# Marconi Manual request



## R651400 (Jun 18, 2005)

ex Greek R/O and radio amateur owns an Atlanta and Salvor and is requesting if anyone has manuals for the same which he will kindly pay to be photocopied including postage to Greece.
I've put him on to a site for Atlanta manual download which may help. 
Roger Bentley/John Garner, anything in ROA archives?


----------



## K urgess (Aug 14, 2006)

I've got information on the Atalanta. If you want me to scan some of the manual let me know.
As to the Salvor. Which one?
There's a section on Marconi's Salvor II transmitter in Danielson & Mayoh's "Marine Radio Manual". Includes circuit description and simplified circuit diagram. I can scan it if you like.

Cheers
Kris


----------



## R651400 (Jun 18, 2005)

Thanks Kris. Sent the guy an email and no response. Will get back to you.


----------



## Finbar O'Connor (Sep 26, 2008)

Greetings,
A fellow RO friend of mine is looking for the circuit diagram for a
Salvor 2 transmitter. You mentioned that you can get this
diagram. Can you help ?
Regards
Finbar O'Connor EJM


----------



## K urgess (Aug 14, 2006)

Welcome to the crew, Finbar.
The attached is from Danielson & Mayoh's Marine Radio Manual.
There's also a block diagram and some write up.
If you want a higher resolution send me a PM with an email address.
Enjoy the trip.
Cheers
Kris


----------



## Tai Pan (Mar 24, 2006)

R651400 said:


> ex Greek R/O and radio amateur owns an Atlanta and Salvor and is requesting if anyone has manuals for the same which he will kindly pay to be photocopied including postage to Greece.
> I've put him on to a site for Atlanta manual download which may help.
> Roger Bentley/John Garner, anything in ROA archives?

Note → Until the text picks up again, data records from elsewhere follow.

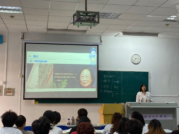张兴明老师的公开课为《生物工程分离》。在讲到萃取技术中萃取剂的选择标准时,张兴明老师巧妙引入诺贝尔生理学或医学奖获得者、共和国勋章获得者屠呦呦提取青蒿素的事例,通过“青蒿素是传统中医给世界的一份礼物”,引导学生了解中医药在治疗疾病方面的突出贡献,激发学生民族自豪感和文化自信。
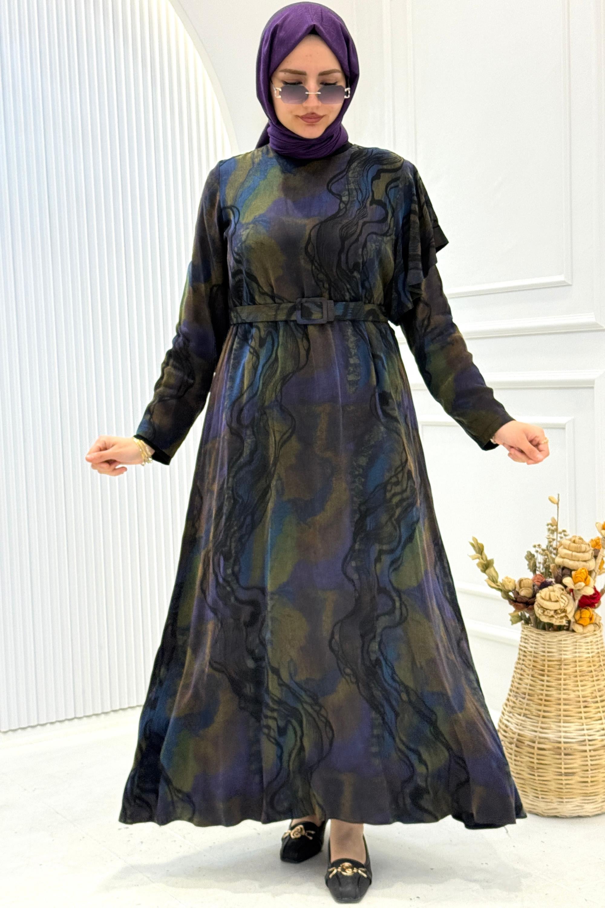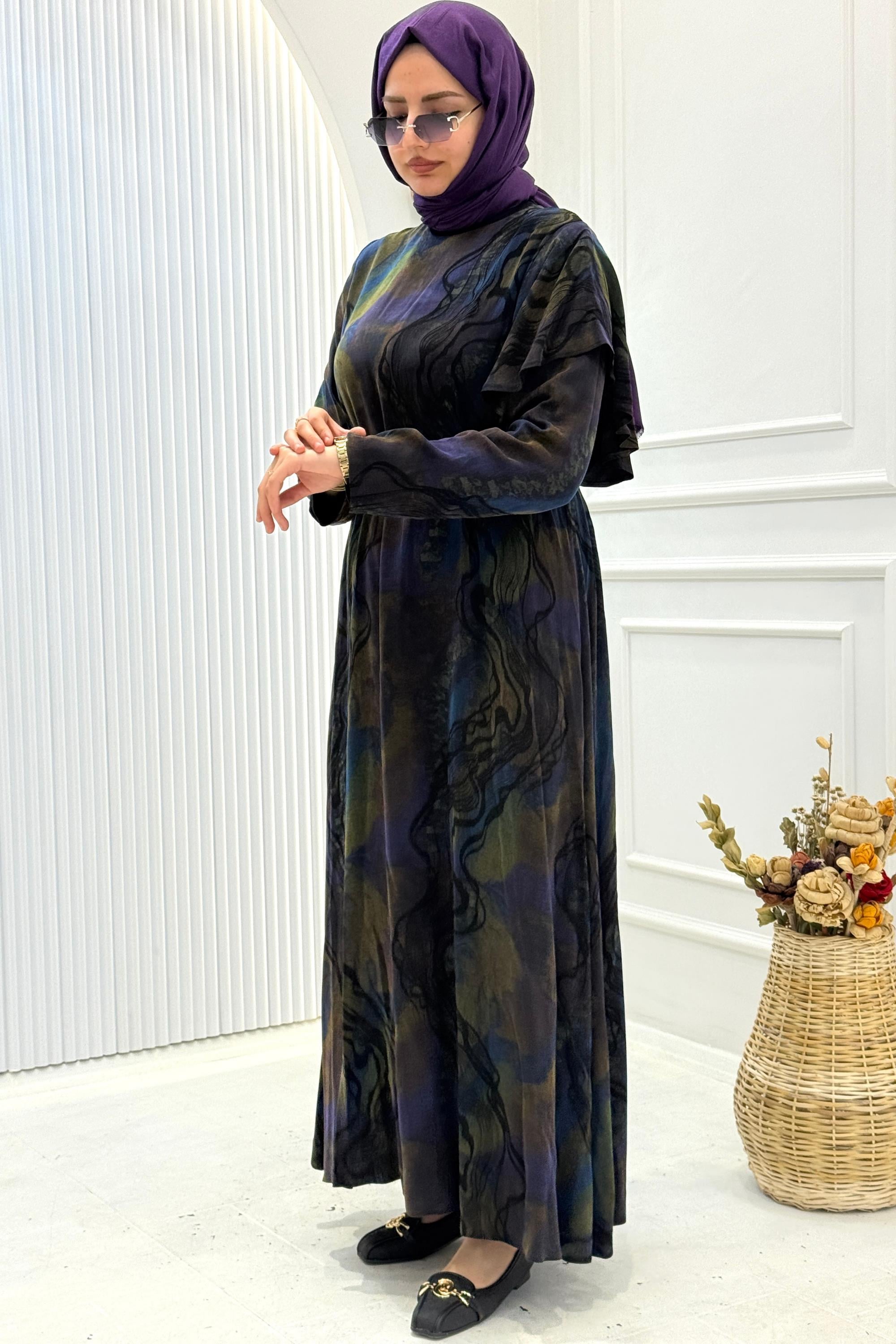 İpek Qupra kumaşın akıcı ve hafif dokusuyla tasarlanan bu uzun tesettür elbise, modern desen geçişleriyle zamansız bir şıklık sunar.
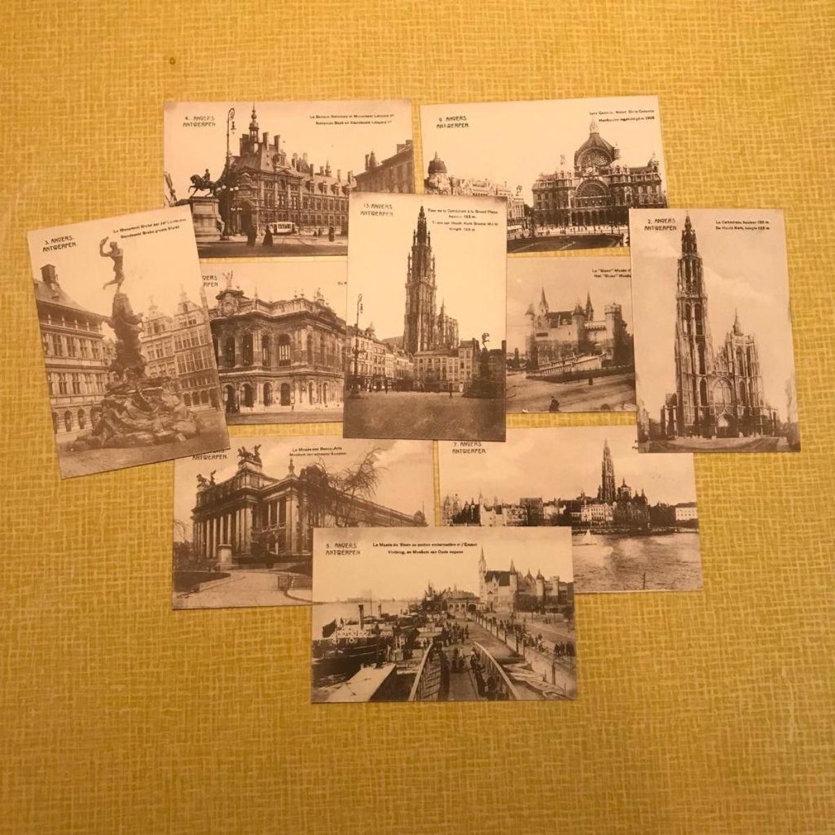 Early 1900's sepia tone numbered postcards. Grand Tour collectibles from Antwerp Belgium, Anvers Antwerpen. Scenes include: #2 Le Cathedrale, #3 Le Monument Brabo, #4 La Banque Nationale et Monument Leopold, #5 La Musee de Steen au ponton, #6 Le Musee de Beaux Arts, #7 Panorama de lav Ville, #9 Le "Steen", #9 Gare Centrale, #11 Le Theatre Royal Flamand, #13 Tour de la Cathedrale a la Grand Place. 3 1/2" X 5 1/2" each.Â
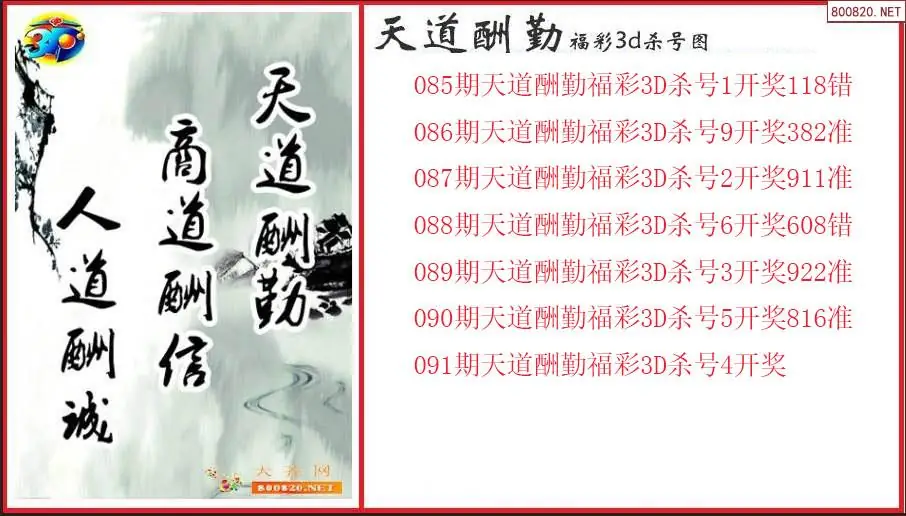 天道酬勤2026091期福彩3d杀号图(原创)
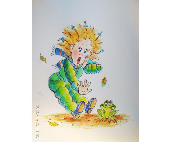 В каком-то зелёном комбинезоне. Хотела к ним на скамейку присесть да вдруг как отпрыгнет, как заорёт: «О-о-й! Что это?! Стах-то какой!». Побледнела вся, глаза от испуга вытаращила, губы дрожат. У Симы даже холодок по спине пробежал, будто за шиворот ей ледяной воды плеснули. Ноги затряслись, головой вертит, ничего не понимает. А подружек как ветром сдуло. Тут вдруг из-под скамейки лягушонок выскочил. Маленький такой. Нашли, кого пугаться! Лягушат, что ли, не видели? Даже смешно стало.
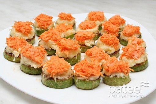 Начинается сезон кабачков, вот замечательная и вкусная закуска Кабачки с сыром и морковкой, для этого нам нужно 2 кабачка нарезать кружочками по 1,5 см и обжарить, натереть на терке желтый сыр (200 гр), смешать с майонезом и чесноком, натереть на мелкой терке морковь (1 большую) и тоже смешать с майонезом и чесноком. Далее выкладываем на тарелку кабачки, сыр и морковь.
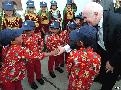 جان ريد، وزير دفاع بريتانيا در هنگام ديدار از يک پرورشگاه در کابل. وی برای ديدار با حامد کرزی، رييس جمهور و وزيران بلندپايه افغانستان وارد پايتخت اين کشور شده است.
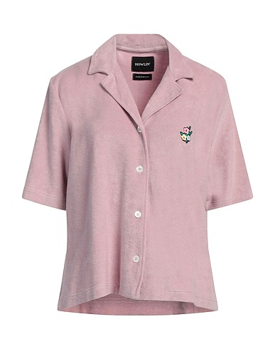 overshirt, terrycloth, solid color with appliqués, embroidered, camp collar, short sleeves, button fastenings, machine wash, do not bleach, do not tumble dry
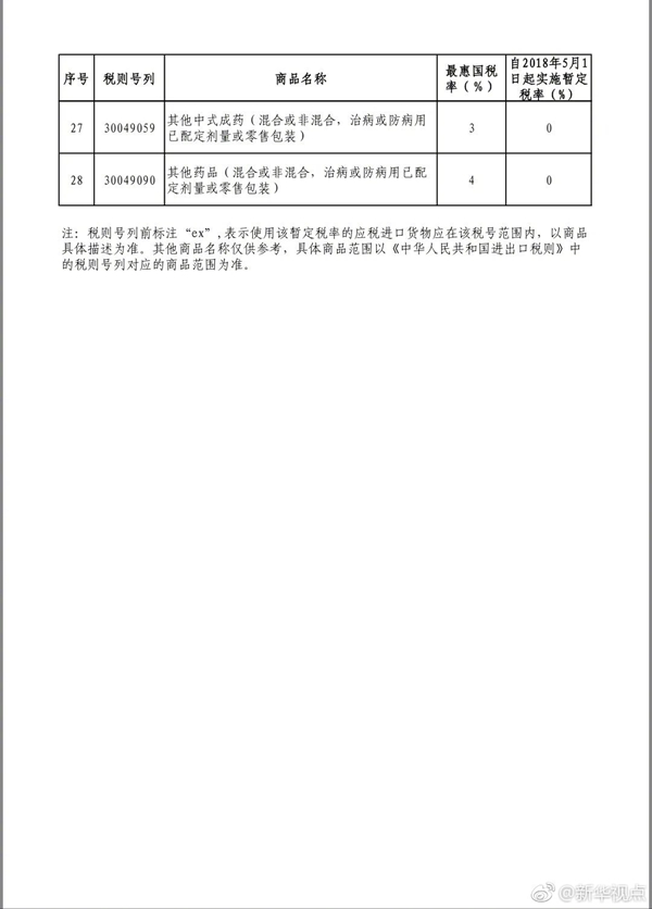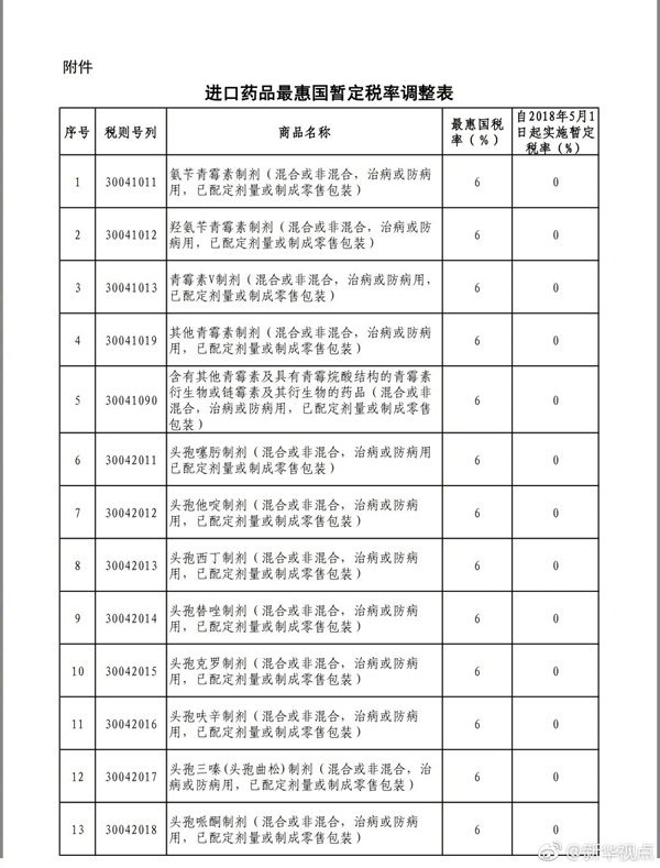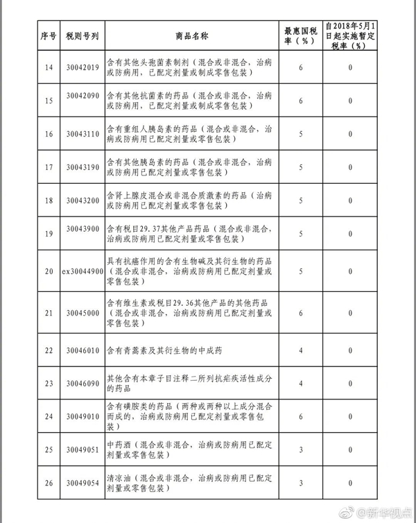 新華網(wǎng)北京4月23日電 財政部關稅司23日發(fā)布消息,5月1日起我國將取消包括抗癌藥在內的28項藥品進口關稅。調整后,除安宮牛黃丸等我國特產(chǎn)藥品、部分生物堿類藥品等少數(shù)品種外,絕大多數(shù)進口藥品,特別是有實際進口的抗癌藥均將實現(xiàn)零關稅。(記者郁瓊源) ????(據(jù)新華社“新華視點”微博報道)?
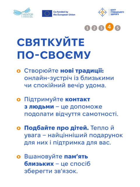 Проте і дозволити собі радість — це не зрада, а спосіб відновити сили й підтримати себе та людей поруч. Разом з тим небажання долучатися до святкування — це нормально, і змушувати себе до веселощів не варто. Центр громадського здоров’я наводить кілька практичних порад, як упоратися з переживаннями та зробити святковий період комфортним https://tinyurl.com/y9y3nvmh
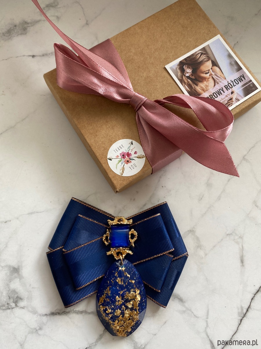 Broszka wykonana z wysokiej jakości taśm i dodatków.
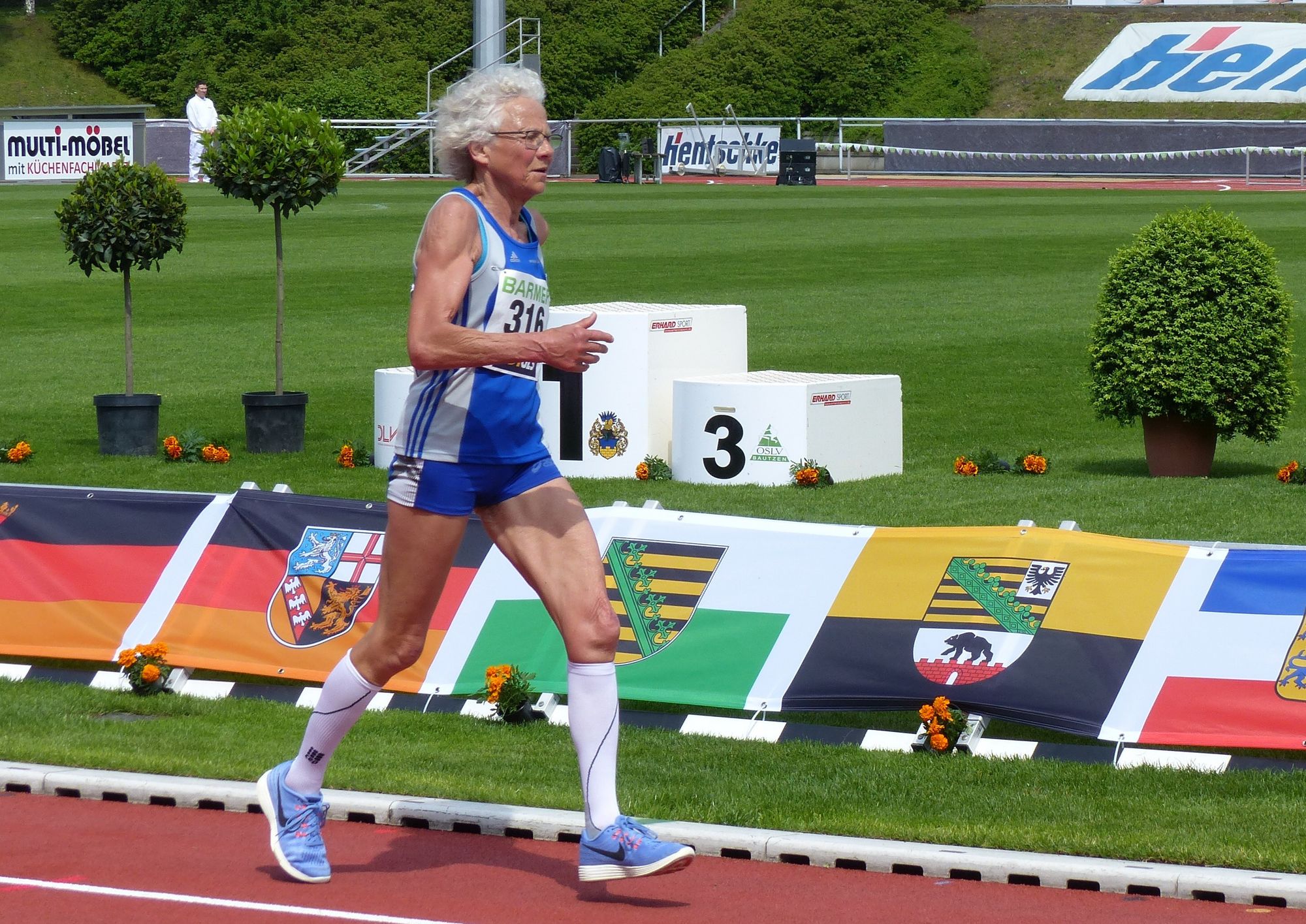 Die Senioren haben es herausgerissen für den Hessischen Leichtathletik-Verband bei der Straßenlauf-DM über 10 Kilometer in Bremen. Insbesondere die Frauen waren auf dem Deich-Rundkurs neben dem Weserstadion sehr erfolgreich. Beispielsweise Sandra Morchner (Grün-Weiß Kassel) als Gesamtachte und W45-Siegerin in 35:32 Minuten. Auf Platz vier: Karin Schenk (TV Waldstraße Wiesbaden/39:31). Auch in der W60 kam die Titelträgerin aus Hessen, Conny Wagner (LC Eschenburg) war in 42:13 Minuten nicht zu schlagen. Wie Margret Göttnauer LG Bad Bad Soden/Sulzbach/Neuenhain) eine Altersklasse darüber in der W65. Sie gewann in 45:17 Minuten. Anja Ritschel vom TV Waldstraße Wiesbaden wurde Zweite in der W70 (50:14). In der U23 lief ihre Vereinskollegin Franziska Althaus in 38:14 Minuten auf Platz 13.
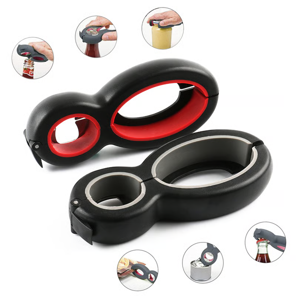 - All in one - save space! no need to bring 6 different tools with 6 different functions! this opener does it all!

Have passed onto willie williamson. rgds jg


----------



## Ron Stringer (Mar 15, 2005)

*Simplified Circuit Diagrams*

Oh My Lord. Seeing that diagram took me straight back to PMG2 days, when it was considered normal to learn by heart the simplified circuit diagrams of various pieces of equipment. In my day it was not the Salvor 2 but the Reliance and the Type M auto alarm receiver which were the favourites of the examiners. Even now I cannot see why we had to learn such information - they did provide ships with equipment handbooks. I would never have considered trying to repair a faulty transmitter by first sketching out, from memory, the simplified circuit diagram. No doubt there was a good reason for the examiners to concentrate on such things.


----------



## R651400 (Jun 18, 2005)

Never sailed with the Salvor but there are obvious circuit references to emergency and a direct connection with the ship's mains. 
In terms of Solas pre 1954, the entire HF/MF radio installation could be run for a very long period entirely on battery power, 
e.g. Mk1 Oceanspan, CR300 and Yeoman Auto Alarm.


----------



## Ron Stringer (Mar 15, 2005)

Salvor II was designed as a ''Reserve'' marine transmitter, with provision for up to 7 MF telegraphy frequencies, not just the 500 kHz required for a Ships' ''Emergency'' transmitter. In order to provide a backup for the ''Main'' MF transmitter (remember that no ship was required to carry HF, which was a purely voluntary addition) the Reserve transmitter had to operate from both ship' mains source of electricity and the radio reserve source of energy (the so-called ''Emergency batteries''. 

An Emergency transmitter only needed to operated from the reserve source of energy and only had to be able to transmit on 500 kHz.


----------



## Finbar O'Connor (Sep 26, 2008)

*Salvor tx cct diagram*

Hello Kris,

Thanks very much for the cct diagram. I have mailed you direct
for a more enhanced copy and the notes.
If you can send direct to my own e-mail address this would be
great.
I note people quote the power of the Oceanspan II as being
100 watts.
According to the Oceanspan II manual I have here it is rated
at 65 watts.
I have quite a few recordings of traffic on 500 khz but am always
on the look out for more and can swap recordings if anybody
on the list has any. I did a lot of recordings in the 1990's,
plus many historic recordings of the final close down of 500 khz
in 1999.
Best regards
Finbar O'Connor Malin Head Radio / EJM


----------



## K urgess (Aug 14, 2006)

I've sent the cct diagram, Finbar.
The notes will take a little longer but I'll email them later tonight.
Cheers
Kris


----------



## Finbar O'Connor (Sep 26, 2008)

Hello Kris,

Many thanks for this information.

Best regards
Finbar EJM


----------